* _The data_

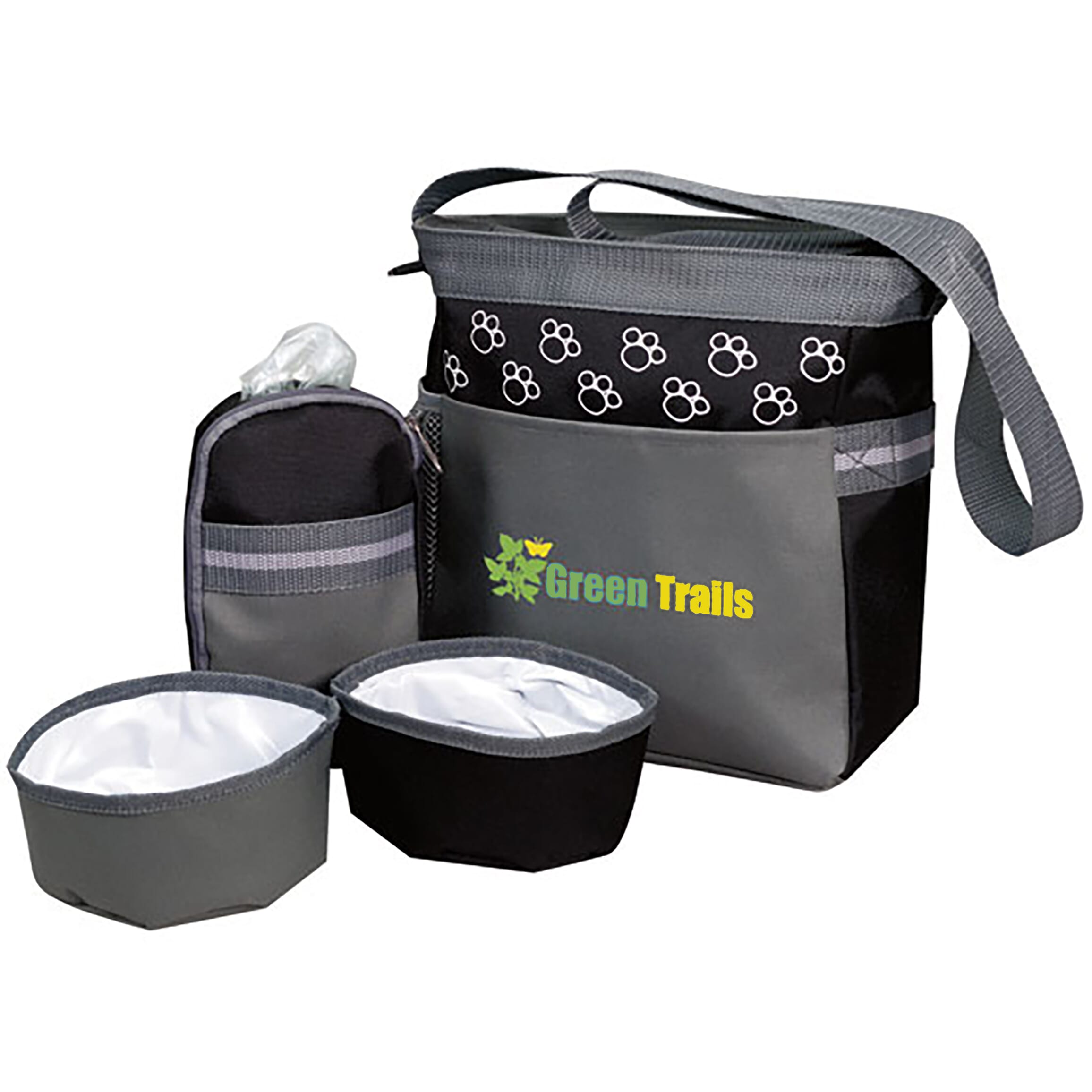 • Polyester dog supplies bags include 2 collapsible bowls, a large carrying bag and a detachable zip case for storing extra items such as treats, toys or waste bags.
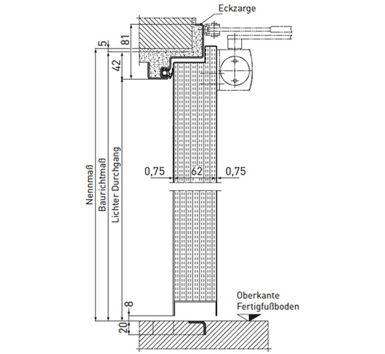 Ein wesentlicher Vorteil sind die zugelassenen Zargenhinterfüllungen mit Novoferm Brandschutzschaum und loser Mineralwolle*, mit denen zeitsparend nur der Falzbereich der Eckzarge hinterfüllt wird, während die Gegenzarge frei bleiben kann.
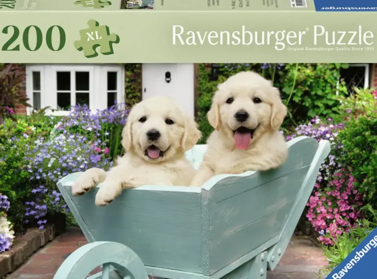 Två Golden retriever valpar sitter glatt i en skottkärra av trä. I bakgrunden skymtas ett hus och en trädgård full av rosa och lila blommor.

* _Task to complete_
Output all of the listing above, exactly as given, but without its pictures.

* _Answer for this exercise_
 • Polyester dog supplies bags include 2 collapsible bowls, a large carrying bag and a detachable zip case for storing extra items such as treats, toys or waste bags.
 Ein wesentlicher Vorteil sind die zugelassenen Zargenhinterfüllungen mit Novoferm Brandschutzschaum und loser Mineralwolle*, mit denen zeitsparend nur der Falzbereich der Eckzarge hinterfüllt wird, während die Gegenzarge frei bleiben kann.
 Två Golden retriever valpar sitter glatt i en skottkärra av trä. I bakgrunden skymtas ett hus och en trädgård full av rosa och lila blommor.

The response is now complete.